▸ REQUIREMENT
Copy out the listing in full, exactly as written, but not its pictures.

▸ DATASET RECORDS

========================================================================

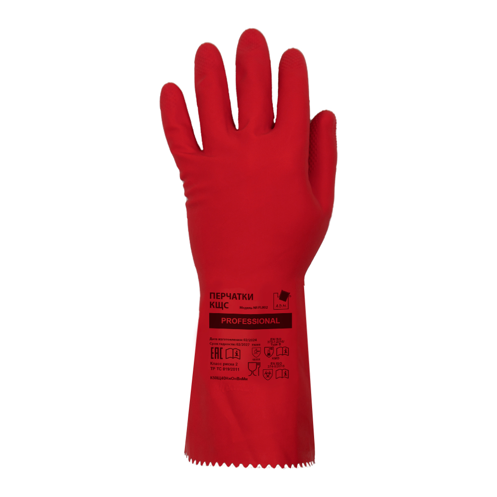 Перчатки защитные КЩС латексные, 1 пара, M, красный, ADM Professional
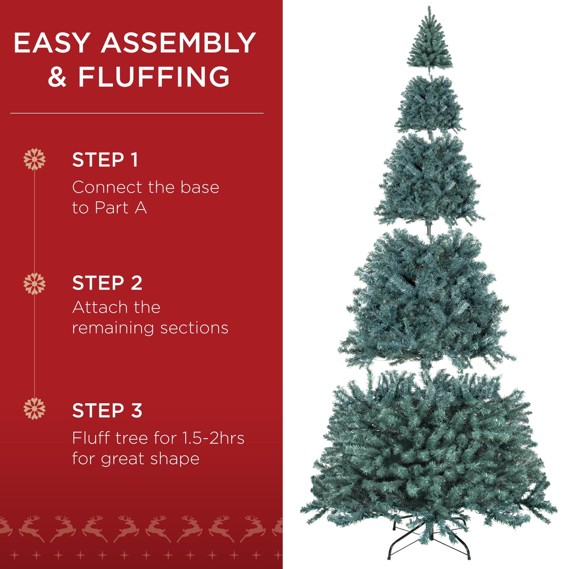 • EASY ASSEMBLY & FLUFFING: Put the tree together in just three steps: simply unfold the metal stand and stack each section from largest to smallest, then fluff and enjoy!
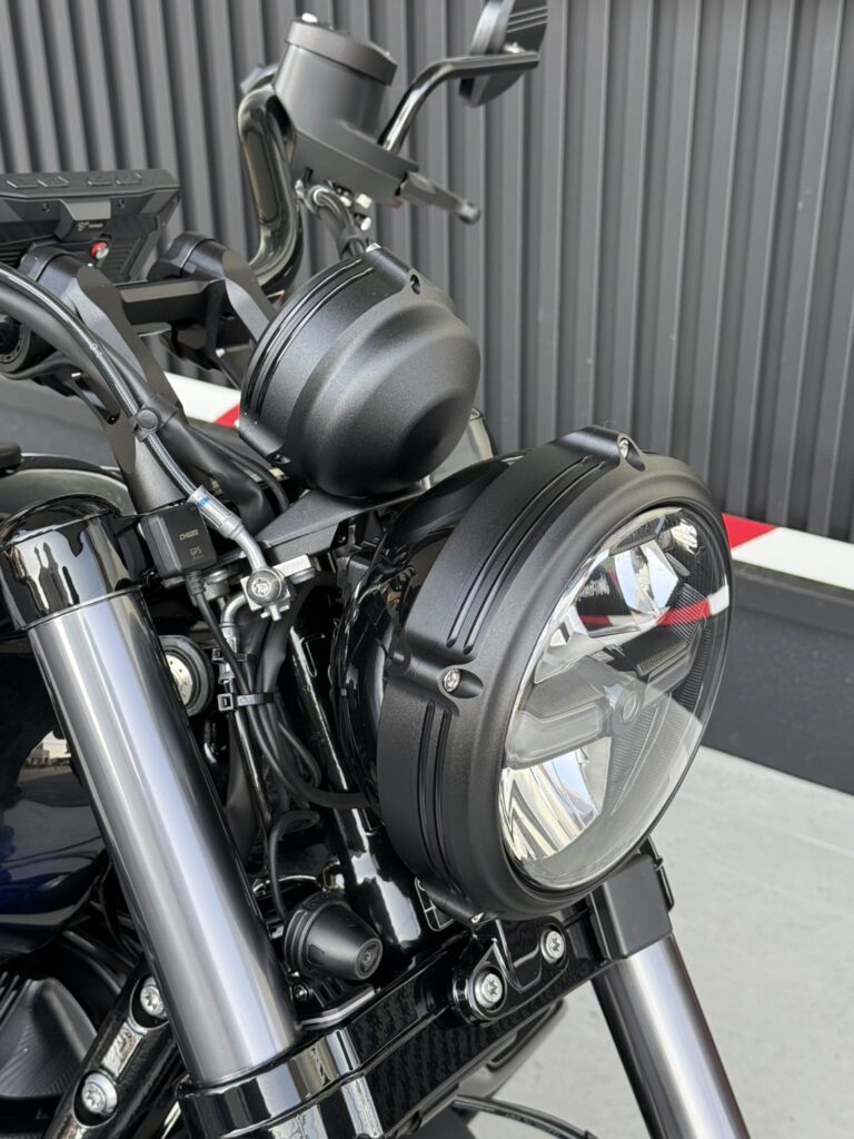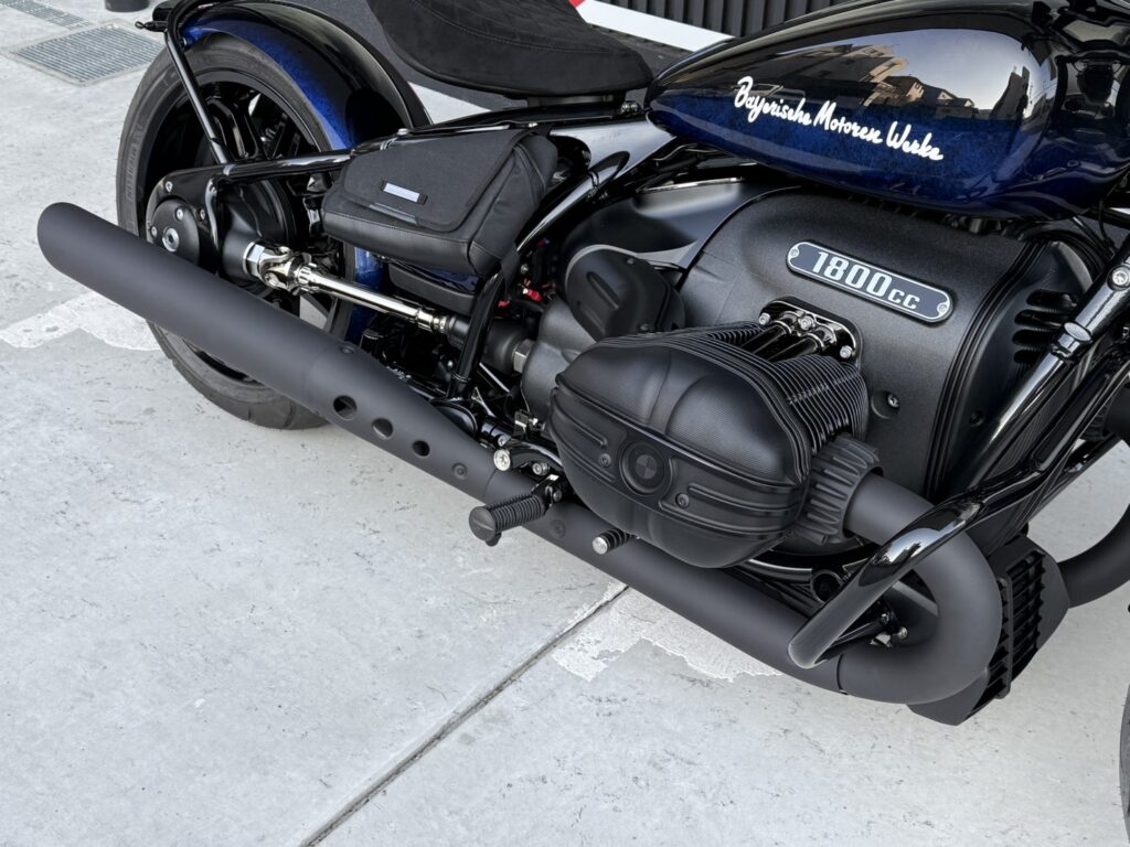 ブラックアウトされたフロントフォーク、エンジン、エキゾースト
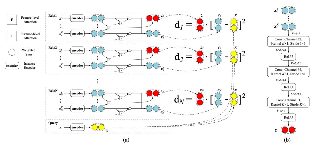 然后 feature-level 的实例能够衡量特征空间中的哪些维度对分类更为重要,从而为每种不同的关系都生成相适应的距离度量函数,从而使模型能够有效处理特征稀疏的问题。
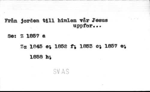 Från Jorden till himlen vår Jesus //// uppfor* *. //// Se: % 1857 e //// 7-2 1845 ev 1852 fv 1853 o; 1857 ev 1858 h-, //// SVAS
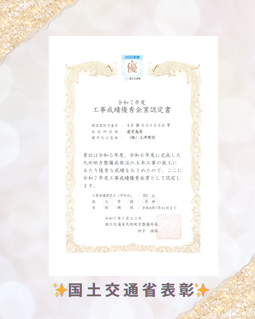 このたび弊社は、昨年に引き続き、令和7年度 国土交通省九州地方整備局により、「工事成績優秀企業」として認定されました。
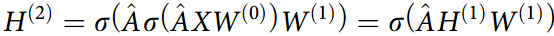 为激活函数。上式是经过一层GCN的输出,两层堆叠GCN可表示为:

========================================================================

▸ ANSWER
 Перчатки защитные КЩС латексные, 1 пара, M, красный, ADM Professional
 • EASY ASSEMBLY & FLUFFING: Put the tree together in just three steps: simply unfold the metal stand and stack each section from largest to smallest, then fluff and enjoy!
 ブラックアウトされたフロントフォーク、エンジン、エキゾースト
 然后 feature-level 的实例能够衡量特征空间中的哪些维度对分类更为重要,从而为每种不同的关系都生成相适应的距离度量函数,从而使模型能够有效处理特征稀疏的问题。
 Från Jorden till himlen vår Jesus //// uppfor* *. //// Se: % 1857 e //// 7-2 1845 ev 1852 fv 1853 o; 1857 ev 1858 h-, //// SVAS
 このたび弊社は、昨年に引き続き、令和7年度 国土交通省九州地方整備局により、「工事成績優秀企業」として認定されました。
 为激活函数。上式是经过一层GCN的输出,两层堆叠GCN可表示为:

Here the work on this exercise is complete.